3.1 ts
objects
In base R, time-series data can be stored as a ts
object. A ts
object (time series object) stores information about the time steps of the data and often seasonal information (the quarter or month). If you pass in a ts
object as data into MARSS()
, it will convert this to a matrix but it will ignore any information about the seasonality. It will store this information, but it does not use it as part of model specification.
If you have your data stored as a ts
object, then you may be using year and season (quarter, month) as covariates to estimate trend and seasonality. The next sections give examples of converting your data to matrix form with the season information.
3.1.1 Univariate ts
object
This converts a univariate ts
object with year and quarter into a matrix with a row for the response (here called Temp
), year, and quarter.
z <- ts(rnorm(10), frequency = 4, start = c(1959, 2))
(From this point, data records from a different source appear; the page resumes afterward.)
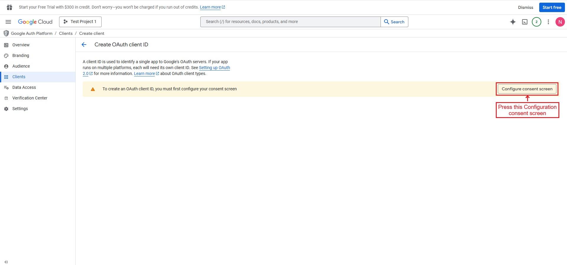 Press the Configuration consent screen.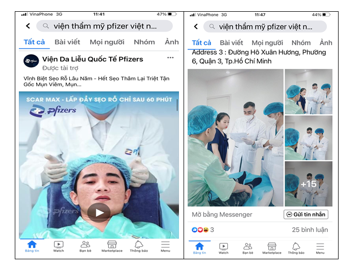 | Một số quảng cáo của đơn vị này trên mạng xã hội. |
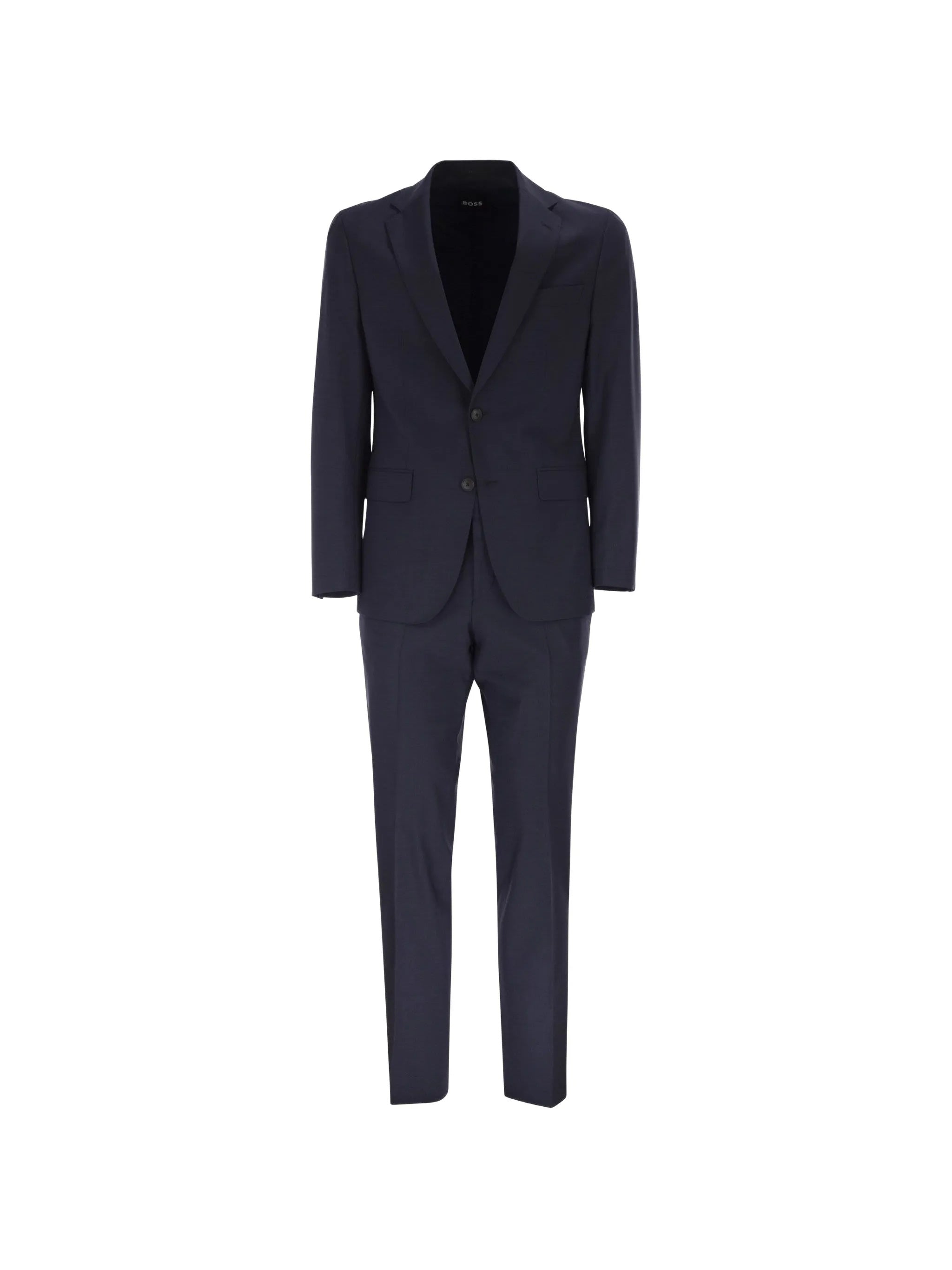 Elevate your professional wardrobe with this sophisticated trouser suit from HUGO BOSS. Crafted from a premium blend of recycled polyester and wool, this navy blue two-piece suit offers both style and sustainability.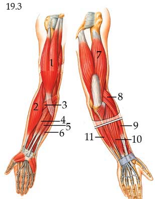 3. Locate the following muscles in the manikin and models. Also locate in your own body as many muscles as you can: trapezius, rhomboideus, levator scapulae, pectoralis minor, pectoralis major, teres major, latissimus dorsi, supraspinatus, deltoid, subscapularis, infraspinatus, teres minor, biceps brachii, triceps brachii, supinator, pronator teres, pronator quadratus, flexor carpi radialus, flexor carpi ulnaris, flexor digitorum, extensor carpi radialis, extensor carpi ulnaris, extensor digitorum. List these muscles along with their origins, insertions and actions

dat <- data.frame(Yr = floor(time(z) + .Machine$double.eps),
Qtr = cycle(z), Temp=z)
dat <- t(dat)
class(dat)
Notice that the class of dat
is matrix, which is what we want. There are three rows, first is the reponse and the second and third are the covariates, Year and Quarter. When you call MARSS()
, dat["Temp",]
is the data. dat[c("Yr","Qtr"),]
are your covariates.
3.1.2 Multivariate ts
object
In this example, we have two temperature readings, our responses, and a salinity reading, a covariate. The data are monthly.
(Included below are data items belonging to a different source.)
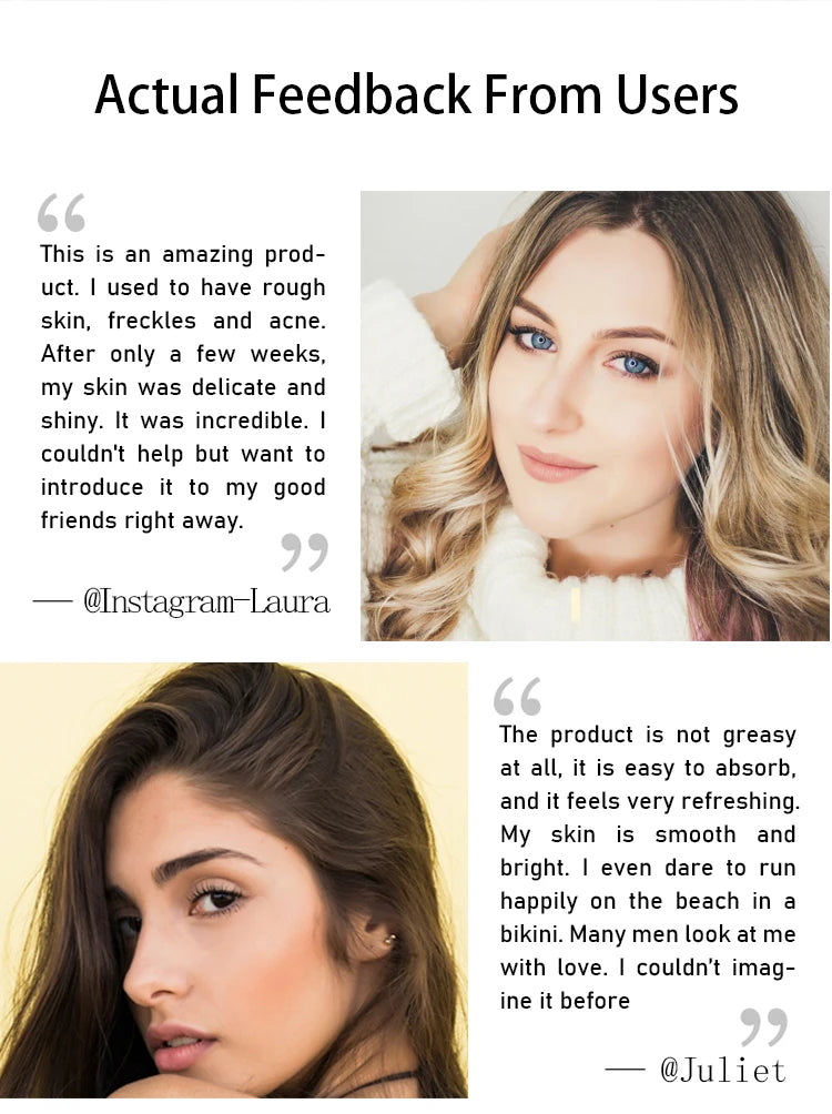 - Whitening Effect: Achieve a brighter complexion with our unique whitening agents that target uneven skin tone.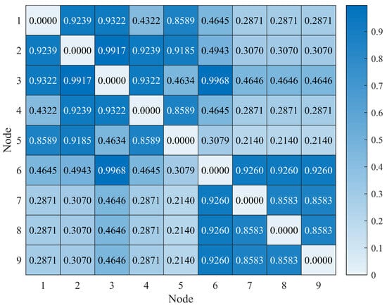 where denotes the number of triangular structures formed by node i and node j. The closeness between node i and node j can be expressed by Equation (16).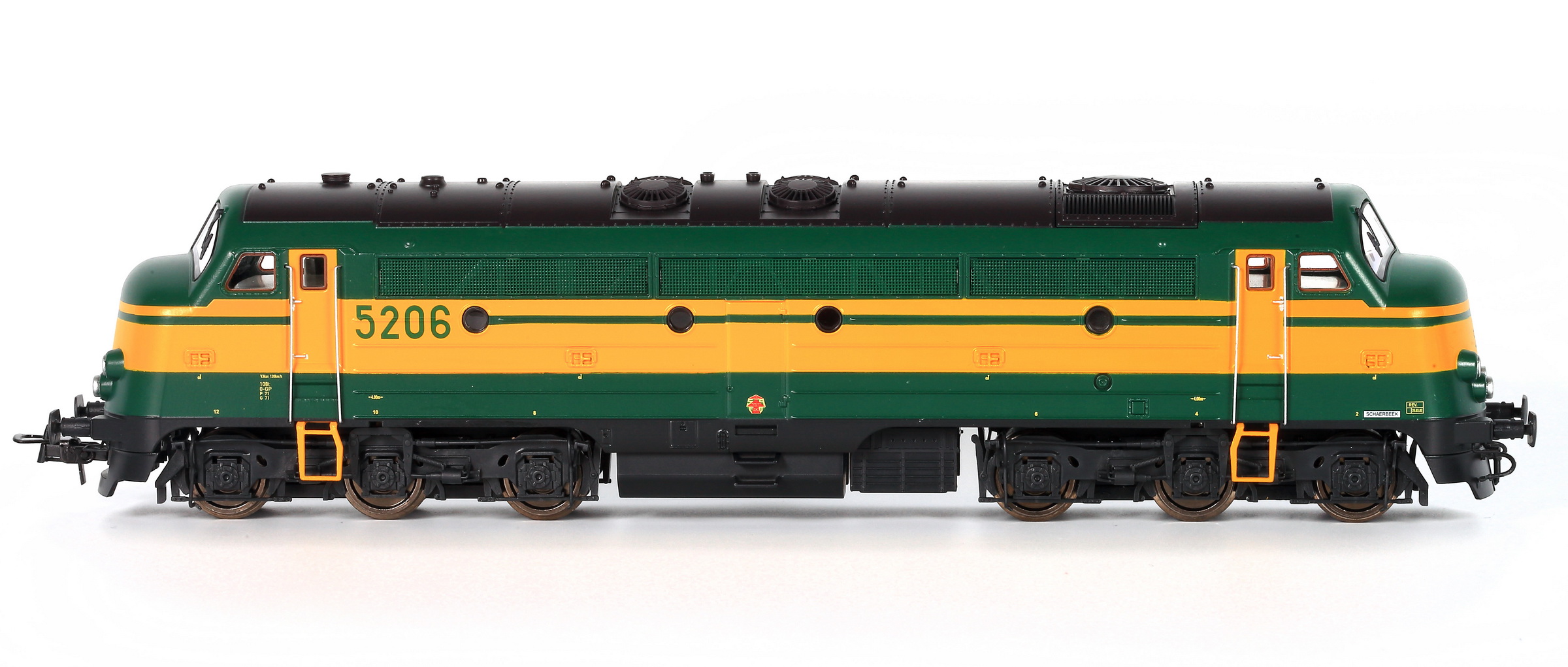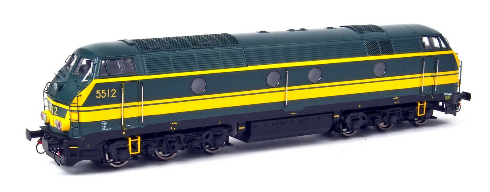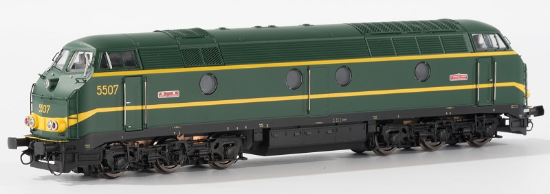 | | | VB-3603-02 de 2022 = 5114, du dépôt de Schaerbeek, Locomotive diesel électrique de type Co'Co', châssis noir, livrée verte 1970, porte jaunes, 5 phares, Ep. IV, DCC (upd 12/03/2022) |

z <- ts(matrix(rnorm(300), 100, 3), start = c(1961, 1),
frequency = 12, names=c("Temp1","Temp2","Sal"))
dat <- data.frame(Yr = floor(time(z) + .Machine$double.eps),
Month = cycle(z), z)
dat <- t(dat)
When you call MARSS()
, dat[c("Temp1","Temp2"),]
are the data and dat[c("Yr","Month","Sal"),]
are your covariates.
See the chapters in the ATSA book that discuss seasonality for examples of how to model season. The brute force method of treating month or quarter as a factor requires estimation of more parameters than is necessary in many cases.